Subgroup analysis of total-body BMD in SD rats.

3.4.3.2. Resveratrol in 3-month-old rats

A total of 2 studies were included in the subgroup analysis (22, 25). Meta-analysis results showed that compared with the control treatment, resveratrol treatment had no statistically significant effect on improving total-body BMD (p = 0.17) (Figure 10).

Subgroup analysis of total-body BMD in 3 months aged rats.

3.5. Publication bias

We plotted corresponding funnel plots for all outcome indicators to evaluate publication bias. The funnel plot results show that the funnel plots of BMD of the total body, Tb. Th, serum phosphorus, and serum osteocalcin are asymmetric, indicating that there may be publication bias in these outcome indicators. The funnel plot of all outcome indicators is shown in Supplementary material 5.

4. Discussion

OP is known as the silent killer, and osteoporotic fractures are a serious complication of OP, which means that the prevention and treatment of OP are important aspects to which public health needs to pay attention. Ethnic medicine or botanical medicine has always been the focus of drug conversion. In recent years, the therapeutic effect of resveratrol on OP has received considerable attention, but research on its anti-OP efficacy or mechanism is mostly limited to animal or cell experiments, which seriously limits the progress of resveratrol in clinical application. To further clarify the anti-OP efficacy of resveratrol, this study summarizes preclinical evidence to provide support to proceed with clinical trials. This meta-analysis found that resveratrol can significantly increase FBMD and LBMD in OP rats, and this conclusion remained consistent at concentrations <10, 10–25, 40–50, and ≥ 60 mg/kg/day. In the improvement of BMD of the total body, resveratrol (<10 mg/kg/day) showed better efficacy than the control group. In terms of improving the parameters related to micro-CT, resveratrol can increase Tb. Th and Tb. N and reduce Tb.Sp. The concentration of resveratrol at 40–50 mg/kg/day can all improve these three bone microstructure indicators. In addition, resveratrol can reduce the concentration of calcium and phosphorus in serum but has no significant effect on serum ALP and osteocalcin, which was also verified in this meta-analysis.

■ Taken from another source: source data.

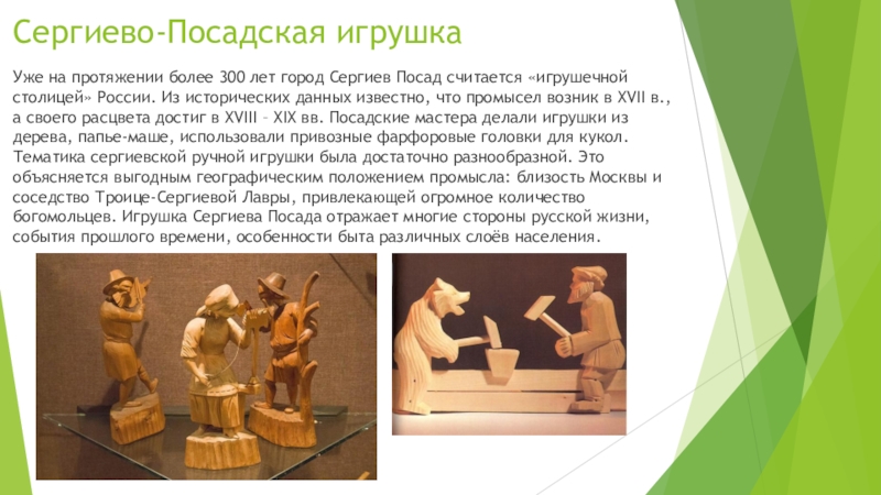 «игрушечной столицей» России. Из исторических данных известно, что промысел возник в XVII в., а своего расцвета достиг в XVIII – XIX вв. Посадские мастера делали игрушки из дерева, папье-маше, использовали привозные фарфоровые головки для кукол. Тематика сергиевской ручной игрушки была достаточно разнообразной. Это объясняется выгодным географическим положением промысла: близость Москвы и соседство Троице-Сергиевой Лавры, привлекающей огромное количество богомольцев. Игрушка Сергиева Посада отражает многие стороны русской жизни, события прошлого времени, особенности быта различных слоёв населения.
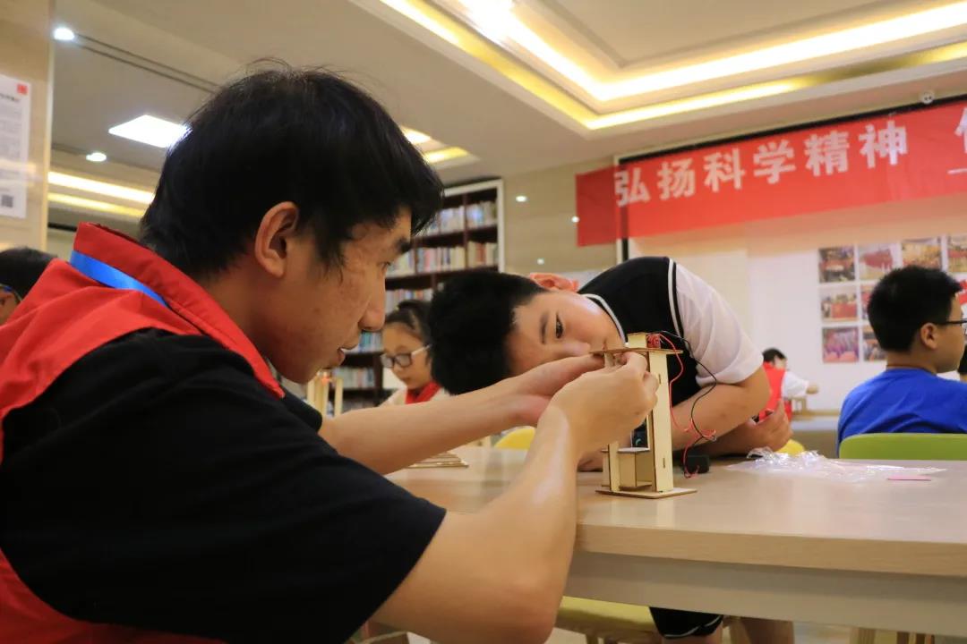 “小朋友们,你们坐过电梯吗,你们好奇电梯是如何运行的吗?”志愿者将电梯运行背后的原理详细地介绍给小朋友,小朋友们专注地盯着一张张照片,学习着其中的物理知识。“小朋友们,你们知道当坐电梯时电梯失灵,要怎么做吗?”“蹲下!”小朋友们大喊。“我们要先摁下每个楼层,并且贴紧墙壁,腿弯曲,这样能够尽量缓解电梯坠落带给我们的冲撞。”之后,志愿者教小朋友们一起做简易电梯模型。当木板变成电梯,在遥控的控制下自由升降,这带给小朋友们莫大的喜悦感。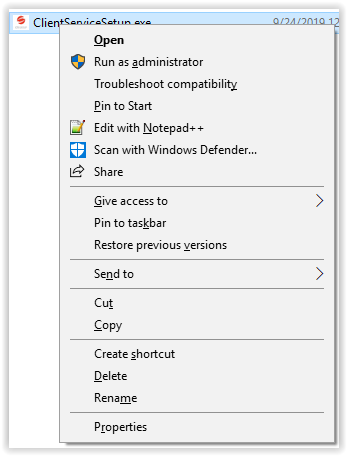 - Open the ClientServiceSetup.exe file with the option to Run as Administrator.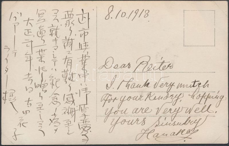 1913 Hanako japán színésznő aláírása és üdvözlő sorai az őt ábrázoló f...

Based on preclinical animal research data, we found that resveratrol may have enormous clinical application potential in the treatment of OP, which means that resveratrol may become a candidate drug for OP treatment, but this still needs to be verified through large-scale clinical studies in the future.

Resveratrol has the characteristics of multiple targets, low cost, and low toxicity (36), and its therapeutic effect in OP is receiving increasing attention. The dynamic balance between osteoblasts and osteoclasts has always been considered the core content of OP research. An experimental study found that resveratrol can activate the osteogenic transcription factor CBFA-1 (37) and enhance the transcription of bone-specific type I collagen in a CBFA-1-dependent manner, stimulate the proliferation and differentiation of osteoblasts, and activate Sirt-1 to transform osteoblasts into osteoblasts. Research shows that resveratrol can upregulate the expression level of Sirt-1 and then upregulate the expression of FoxO1 protein to inhibit the differentiation of osteoclasts (38). The occurrence of oxidative stress can cause damage to bone cells and osteoblasts (39, 40) and lead to bone resorption activity exceeding bone formation. Resveratrol is a natural antioxidant and can effectively prevent bone loss caused by oxidative stress in the body (15), which may be the potential mechanism of its anti-OP effect. In addition, resveratrol can bind to oestrogen receptors and exert oestrogenic effects (32), thus compensating for bone loss caused by oestrogen deficiency. In addition, this meta-analysis showed that resveratrol achieved better efficacy in improving biochemical markers. Serum biochemical indicators reflect the essence of bone metabolism and the direct reflection of bone formation and bone resorption. This meta-analysis found that resveratrol has a better effect than the control treatment in reducing serum calcium concentration, which may be because resveratrol inhibits oxidative stress and reduces bone loss, thereby reducing the content of calcium entering the serum. Oxidative stress may lead to oxidative damage to bone cells and osteoblasts in the bone microenvironment, leading to imbalanced bone remodelling. The antioxidant effect of resveratrol can maintain bone homeostasis, thus stabilizing bone microstructure. Based on the undeniable regulatory role of resveratrol in bone metabolism, its clinical application in OP deserves in-depth attention.

5. Limitations

This study has limitations that should be considered when interpreting the results. First, the animal models included in the study may exhibit significant differences in factors such as species of rats, drug dosage, and sample size, which may lead to heterogeneity in the experiment and compromise the reliability of the conclusions of this study. Second, the included animal experiment reports focus on the construction of animal models and outcome evaluation, but the report on experimental design, implementation, and measurement methods is relatively brief, which may lead to poor methodological quality in literature reports, difficulty in estimating potential bias risks, and reduced data credibility. Third, there may be differences in the BMD measurement tools and serum markers used in all 15 included studies, which may lead to measurement errors between studies. Given the limitations of animal experimental design, future clinical studies targeting the treatment of OP with resveratrol should avoid these situations, which would be beneficial for improving the reliability of evidence-based data on this research topic.

6. Conclusion

This study found that resveratrol can increase BMD in OP rat models, and its mechanism of action may be closely related to improving bone microstructure and regulating calcium and phosphorus metabolism. Given that this study focuses on an OP rat model, the efficacy of resveratrol in treating OP still needs to be further validated through clinical studies in the future.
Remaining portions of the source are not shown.